- To do
Retype, word for word, the line holding "Bij aankoop ontvang" and each line after it down to the end of the data; pictures are not copied.

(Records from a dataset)
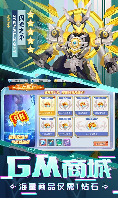 单日累充1000元:【橙色图鉴礼包*2、机甲能源*1、光谕套装石礼包*3、副手破甲丹*3、高级翅膀升级丹*1】*5
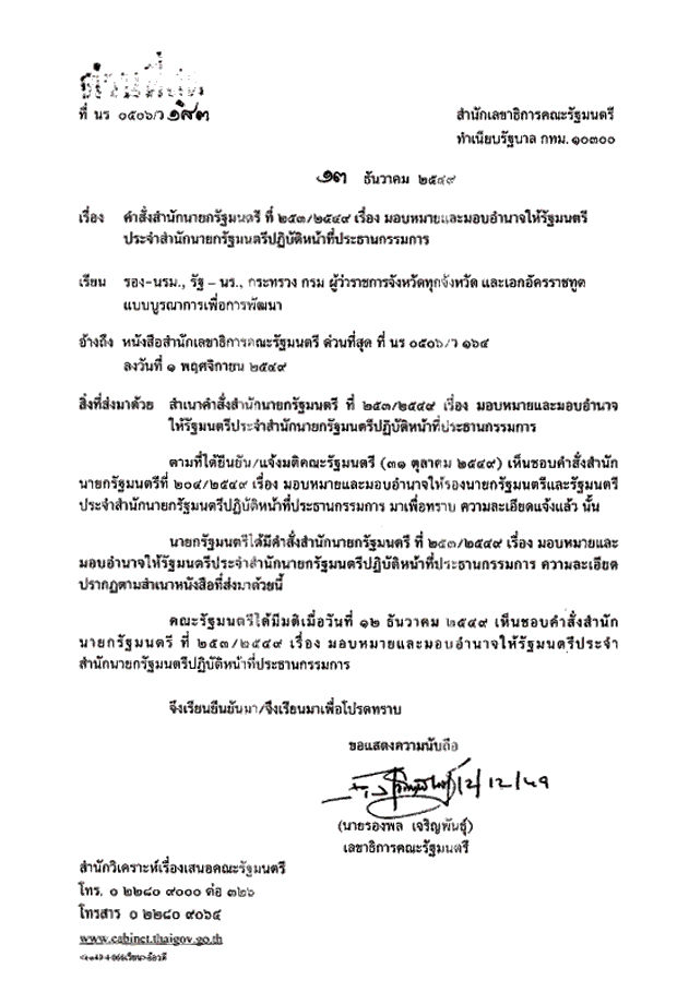 คำสั่งสำนักนายกรัฐมนตรีที่ 253/2549 เรื่องมอบหมายและมอบอำนาจให้รัฐมนตรีประจำสำนักนายกรัฐมนตรีปฏิบัติหน้าที่ประธานกรรมการ
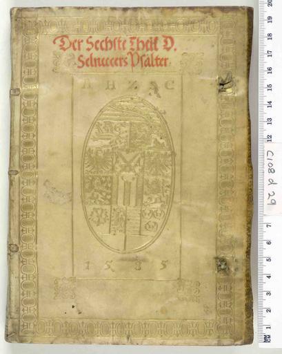 Keywords: Der sechste theil des Psalters Dauids, aussgelegt, vnd auffs newe vbersehen, durch Nicolaum Selneccerum. -126-150.- - Upper cover (c108d29).jpg Style Armorial Panel design Lettered cover eg intitals titles Dated; Caption Upper cover; Colour White / cream; Edge Unspecified exhibition history Decorative Technique Tooled in gold Printed/other transfer process; Cover Material Parchment may include vellum Traces of 2 pairs of ties With the arms and initials of Augustus I Elector of Hanover dated 1585 Title in red Vellum flap extends over fore edge Macchi states; bound in 1585 in Saxony by Caspar Meuser C Schmidt Jakob Krause pl 74 1 st line 1 st Meuser panel-stamp Saxony 13 compartments A very similar example is owned by the Landesbibliothek Dresden on Bericht Wie die Tabeln in Beschickung der Golder auff Rheinisch Gulden zu 18 Karatt 6 gren goldt haltend Und der Zursatz mit Weiss oder Roth gebraucht werden sollen ms about 1585 shelfmark Mscr J 354 Deutsche Bucheinbände der Renaissance n 89 This kind of cover corresponds to the medieval ledger binding First at August Kurfürst court the manuscript or printed text were chosen and the binding richly decorated During Meuser's time texts were bound according to this style and thought of as traveling library this explains the tendency to use a richer decoration The red title also present on the Dresden example disturbs the general layout it seems therefore possible that it was added later to the owner's order The little azured border medallions shows the French influence decoration The same panel-stamp was tooled in blind on Johannes Claius Grammatica Germanicae Linguae Leipzig Hans Rambau 1578 Berlin National Library shelfmark Y 3931 Deutsche Bucheinbände der Renaissance n 89 object history Text 1585; Dresden; August I Elector of Hanover object type Cc-zero place of creation Binding Germany place of discovery Unspecified British Library image http //www bl uk/catalogues/bookbindings/LargeImage aspx RecordId 020-000004540 ImageId ImageId 41875 Copyright BL Der sechste theil des Psalters Dauids aussgelegt vnd auffs newe vbersehen durch Nicolaum Selneccerum 126-150 Uploaded with GWToolset Der sechste theil des Psalters Dauids aussgelegt vnd auffs newe vbersehen durch Nicolaum Selneccerum 126-150 - Upper cover c108d29 http //www webarchive org uk/bldatasets/bindings/6448_4 jpg Bookbinding 16th-century bookbinding British Library Bookbindings |
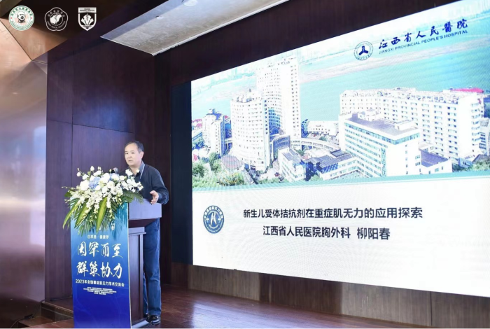 2023年11月11日,海峡两岸医药卫生交流协会胸外科专委会重症肌无力专业学组在海南省海口市正式成立,2023年全国重症肌无力学术交流会同期举行。活动由厦门大学一附院院长、胸外科主任医师姜杰与江西省人民医院(南昌医学院第一附属医院)胸外科主任医师柳阳春共同牵头,两所医院共同支持。姜杰当选专业学组名誉主任委员,柳阳春当选主任委员。
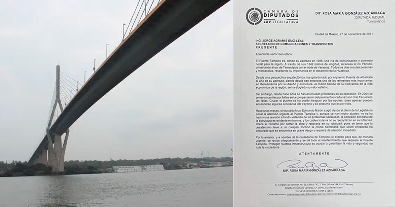 Pide Diputada a secretario de la SCT que se “tomen cartas en el asunto” del Puente Tampico
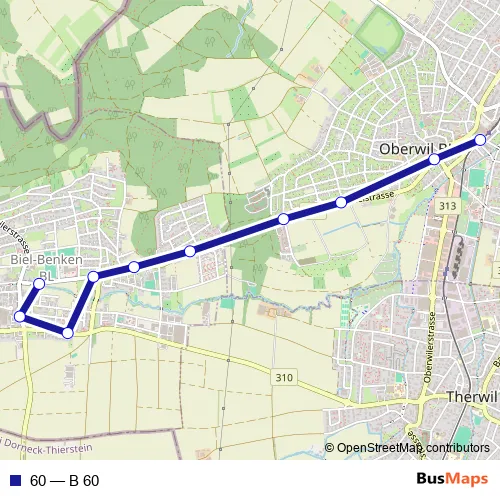 The first stop of the 60 bus route is Oberwil BL, Zentrum and the last stop is Biel-Benken BL, Brücke. 60 (B 60) is operational during on weekdays.
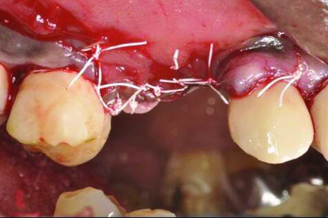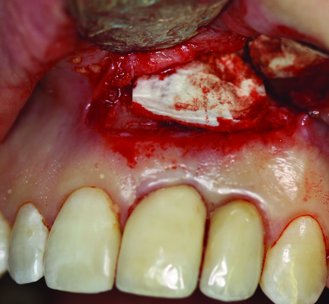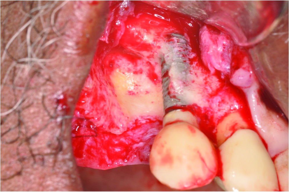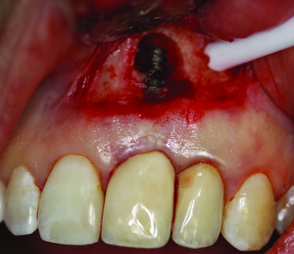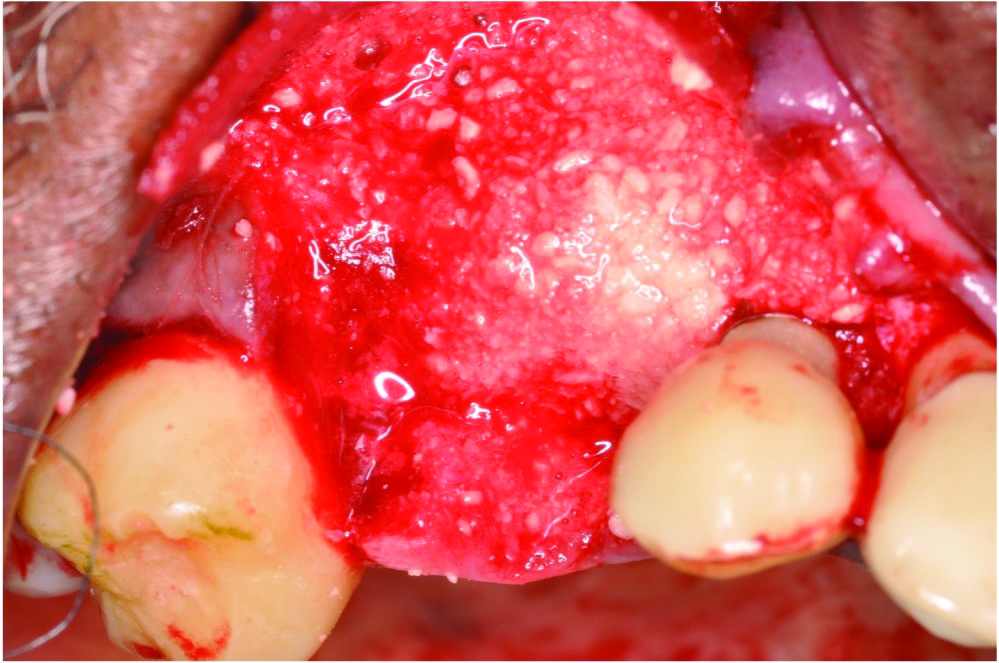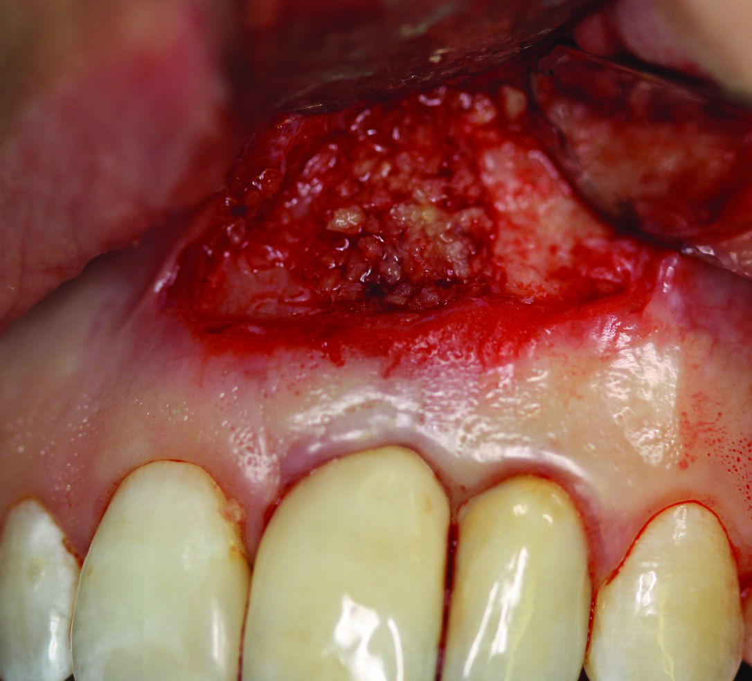 In case 1, due to the high smile line and asymmetrical clinical crown lengths, the patient received a vestibular incision at the mucogingival junction with full-thickness flap elevation to access the implant apex. Implant debridement was performed with titanium curettes and brushes (Figure 5). The implant surface was treated for 2 minutes with a doxycycline–saline slurry. The peri-implant defect was grafted using particulate freeze-dried bone allograft (FDBA) (Figure 6) and covered with a collagen membrane (Figure 7). Primary flap closure was obtained using resorbable sutures (Figure 8).
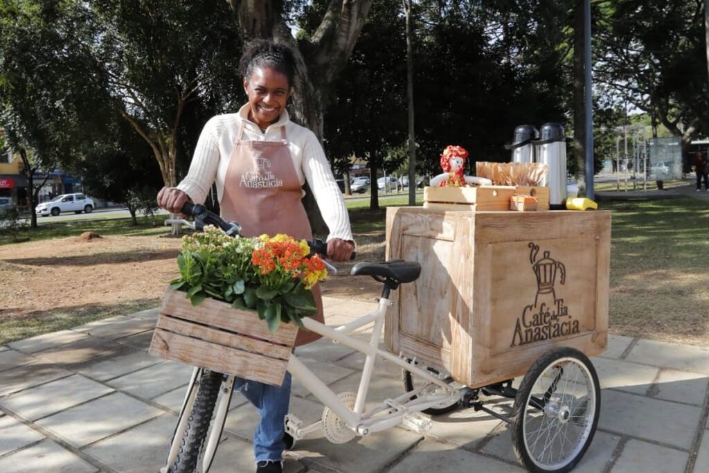 “Primeiro sou mãe, depois empreendedora e dona do primeiro food bike de Curitiba”, assim define Cleise de Lima, 50 anos, moradora do bairro Santa Quitéria e responsável pelo Café da Tia Anastácia, uma nobre homenagem para a personagem do ‘Sítio do Pica Pau Amarelo’, da obra de Monteiro Lobato.
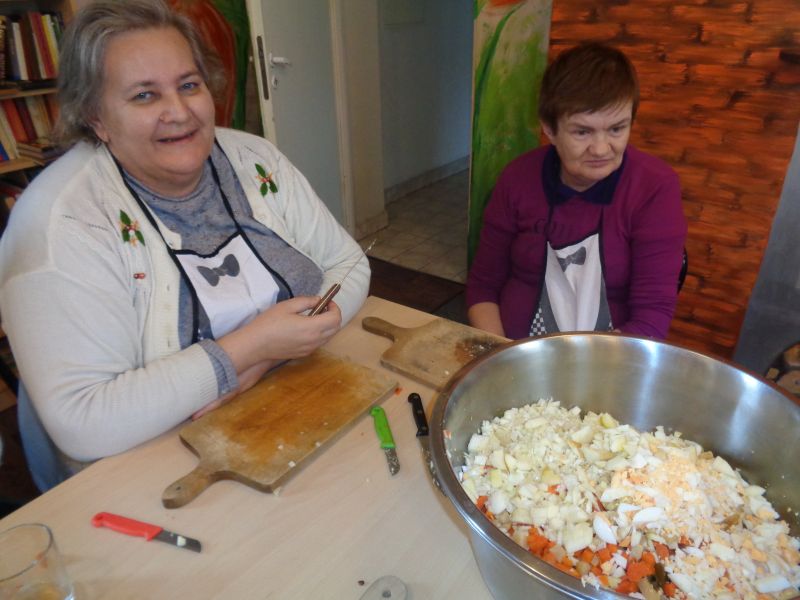 W czasie Postu niektórzy z nas ograniczają słodycze i do Świąt Wielkanocnych nie przygotowujemy na zajęciach kulinarnych deserów J Nasze panie wspólnie zrobiły tradycyjną sałatkę jarzynową, oczywiście – palce lizać :)
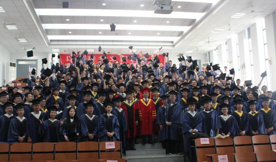 仪式结束后,校领导及院系导师走下讲台,融入毕业生中合影留念。(编辑 王继敏)
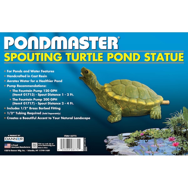 Spouting Turtle Pond statue creates a beautiful and lively water action for ponds and water features. Handcrafted in cast resin. Aerates water for a healthier pond. Coated brass barbed fitting accepts 1/2" flexible tubing. Easy hook up to a submersible pump.
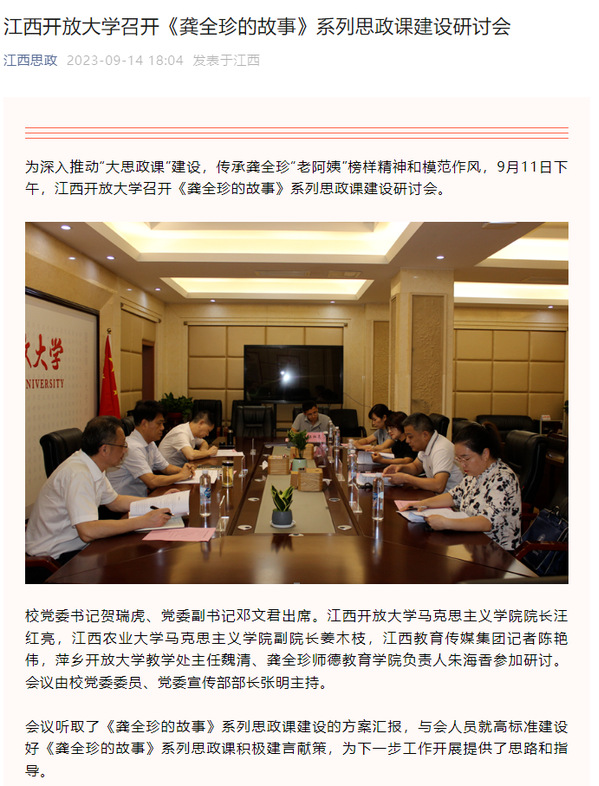 为深入推动“大思政课”建设,传承龚全珍“老阿姨”榜样精神和模范作风,9月11日下午,AC米兰中文官方网站召开《龚全珍的故事》系列思政课建设研讨会。近日,江西思政对此进行报道。
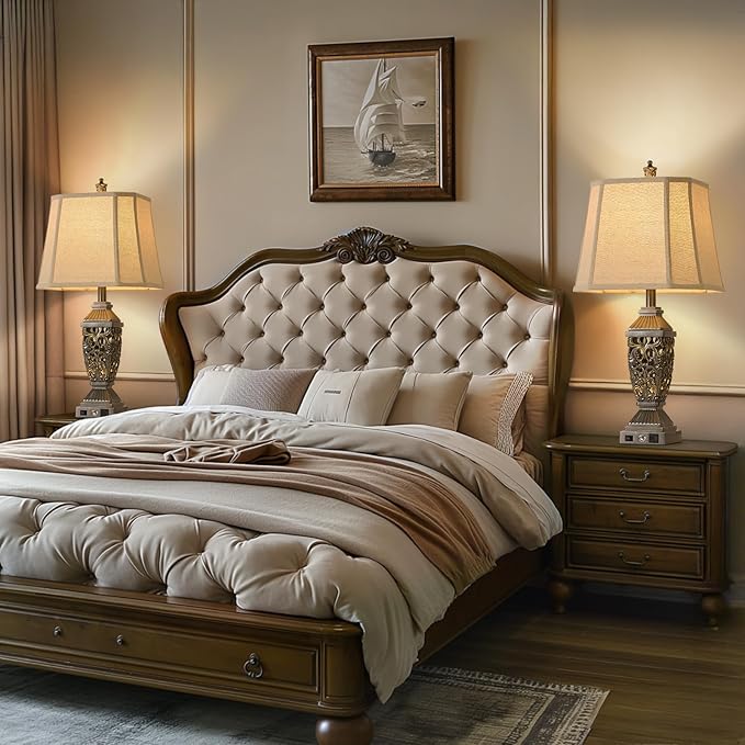- Industrial Vintage Aesthetics: This table lamp combines timeless vintage elegance with modern functionality. The beautifully carved base and neutral linen lampshade make it an eye-catching piece in any room, whether placed in a bedroom, living room, or office. The rustic design enhances the aesthetic appeal of your space, creating a warm and welcoming atmosphere with soft, ambient light. The unique craftsmanship and quality materials ensure that this lamp will be a standout piece in your home decor for years to come.
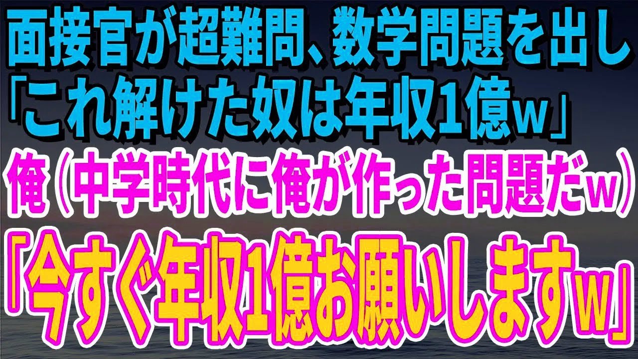 面接官が超難問、数学問題を出し「これ解けた奴は年収1億w」俺(中学時代に俺が作った問題だw)「今すぐ年収1億お願いしますw」
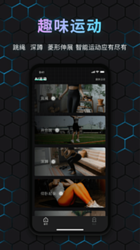 健康监测功能会根据您的身高、体重等信息智能计算BMI、体脂率等健康数据,为您生成详尽的健康报告,让您深入了解自己的健康状况,并为下一步的健身计划做好准备。在视频演示中,您将跟随专业教练和健身达人的步伐进行训练,亲身示范和精准指导,使您的训练更加高效。丰富多样的趣味运动项目包括跳绳、深蹲、菱形伸展等智能运动,让您享受健身的乐趣,同时加速燃脂效果。
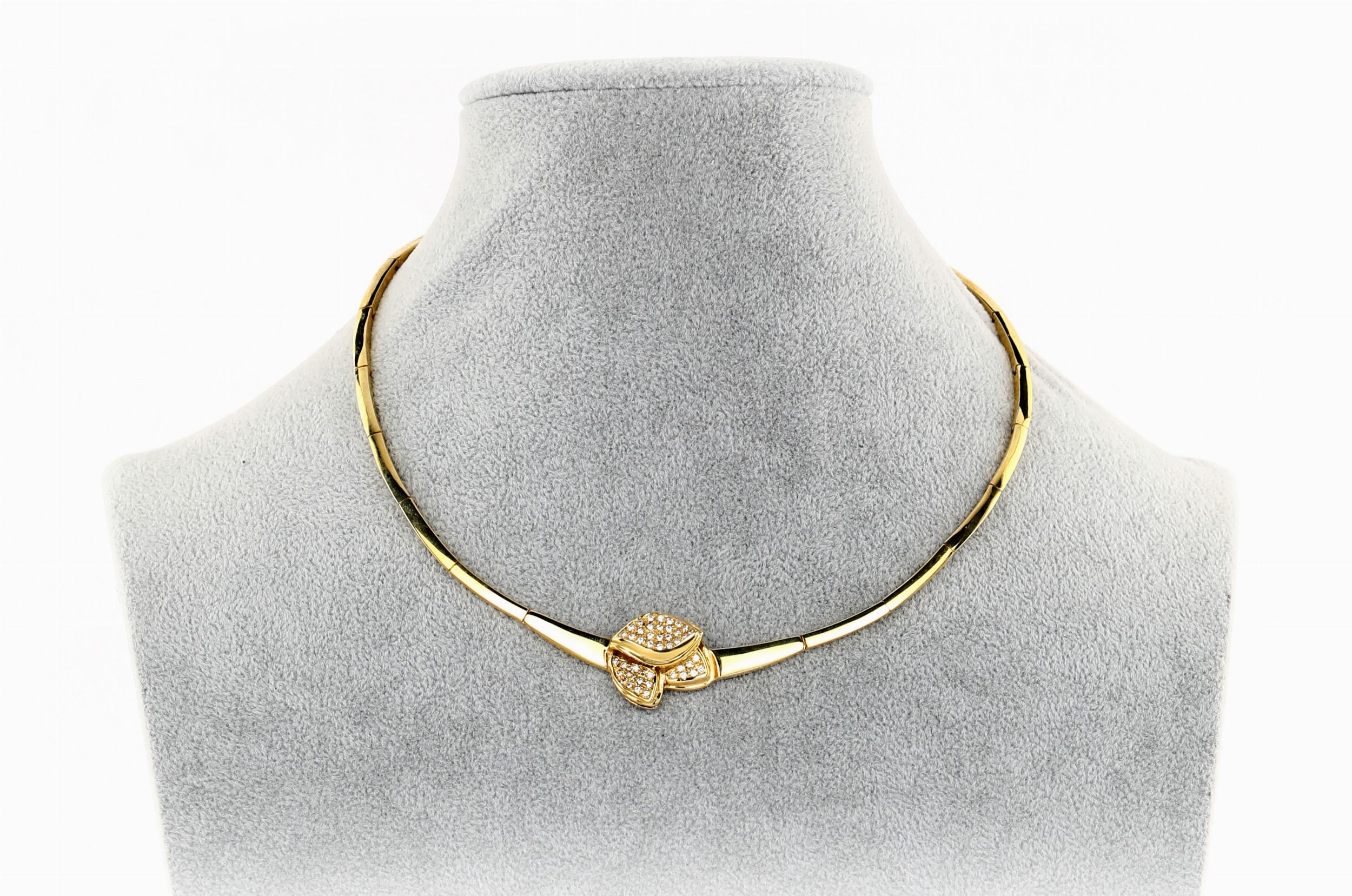 Oro giallo 750/000. Diamanti in taglio rotondo brillante ct. 1 ca. Peso complessivo gr. 32,60.
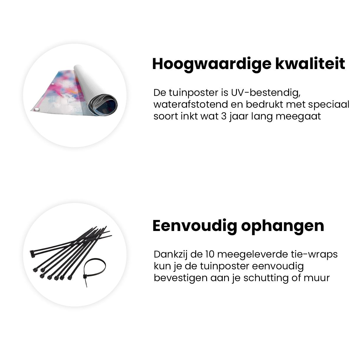 Bij aankoop ontvang je een meegeleverd ophangsysteem, zodat je op een simpele en snelle wijze de tuinposter kan ophangen.
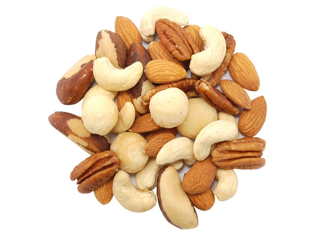 Jádra kešu ořechů natural W240, jádra sladkých mandlí natural NONPAREIL, jádra velkých makadamových ořechů natural (Austrálie), jádra para ořechů natural, pekanové ořechy natural

- Answer box
 Bij aankoop ontvang je een meegeleverd ophangsysteem, zodat je op een simpele en snelle wijze de tuinposter kan ophangen.
 Jádra kešu ořechů natural W240, jádra sladkých mandlí natural NONPAREIL, jádra velkých makadamových ořechů natural (Austrálie), jádra para ořechů natural, pekanové ořechy natural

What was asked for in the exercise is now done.